Time Complexity: $\mathcal{O}(h|S| \log |S| + Q \log |S|)$ , where $h$ ~h~ is the expected height of the suffix link tree.

Subtask 4

For full marks, we notice that the operation of updating all states from the current state to the root is extremely similar to the Access operation of a link/cut tree. If we maintain the suffix link tree using an LCT, we can support suffix link jumping to the root in the amortized $\mathcal{O}(\log N)$ ~\mathcal{O}(\log N)~ complexity of the LCT, and that is sufficient for full marks. It is also possible to achieve the same time complexity using small to large merging techniques on the set of end positions for each state of the suffix link tree. Special care should be taken to avoid excessive memory usage.

Time Complexity: $\mathcal{O}(|S| \log^2 |S| + Q \log |S|)$

Comments

14

dalt commented on April 28, 2021, 11:57 a.m.

P6 have appeared long ago, and I even find an editorial for similar problem in contest from another OJ, but I failed because of memory exceed. The problem is easy, but the memory limit is crazy. In my opinion, the reasonable limits are supposed to be 4 x spense of author's solution if the code is written by C++ or C, 2 times for other language.

8

4fecta commented on April 28, 2021, 2:17 p.m.

Hi, could you tell me where P6 has appeared before? I spent a long time searching for it on the internet but I couldn't find the same problem, so I was pretty confident that the problem itself is unique. As for similar problems, I was aware that similar problems exist from past contests (for example you can see the main problem mentioned here), but the idea of backing a suffix automaton with an LCT to support suffix updates at any index was so brilliant and new for me that I decided there was a place for it on the DMOPC this time. Regarding your submissions, I believe they failed more so do the time limit than the memory limit, looking at the verdicts of your in contest submissions. That's quite unfortunate, since we intentionally kept the time limit relatively tight (2.5x reference solution in C++) to minimize the probability of constant optimized quadratic (or faster, like sqrt) solutions passing. I'll keep that in mind for future problems though, and if we are able to get enough Java testing then perhaps we can set custom limits for Java. Thanks for reaching out.

6

dalt commented on April 29, 2021, 9:31 a.m. ← edit 6 →

Of course, it's similar rather than same problem.

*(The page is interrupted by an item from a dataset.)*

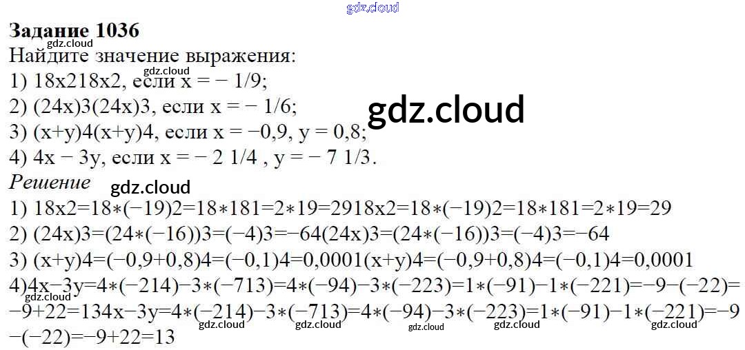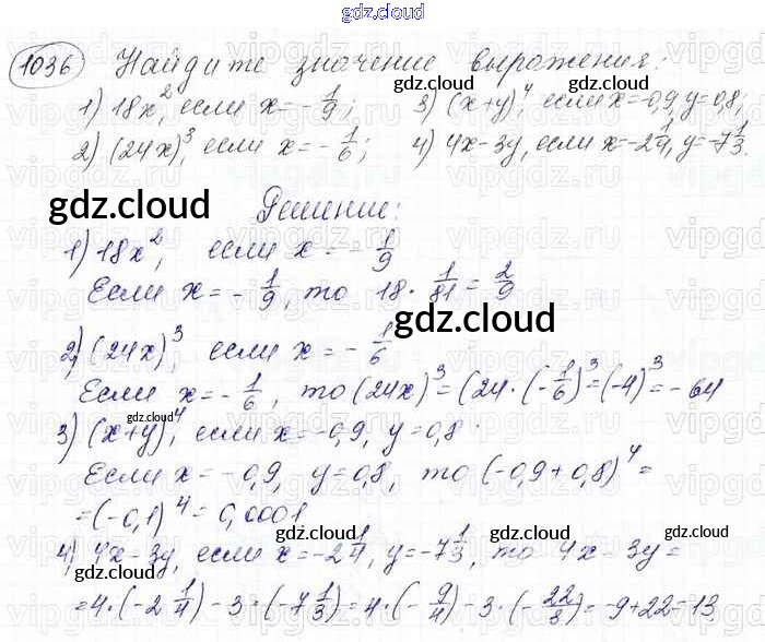 Ответ на задание 1036 Учебник Математика за 6 (шестой) класс Мерзляк, Полонский, Якир Алгоритм успеха 2016

I first knew such problem in https://codeforces.com/blog/entry/62331 long ago, and in contest, I found a similar problem without persistent trick in Chinese OJ https://www.luogu.com.cn/problem/P6292. There is a Chinese blog talked about how to solve the online version, I learned the trick here.

Thanks for your cool problem, at first glance I didn't care about such problem until I met a hard version in your contest, as a consequence I learned a new skill.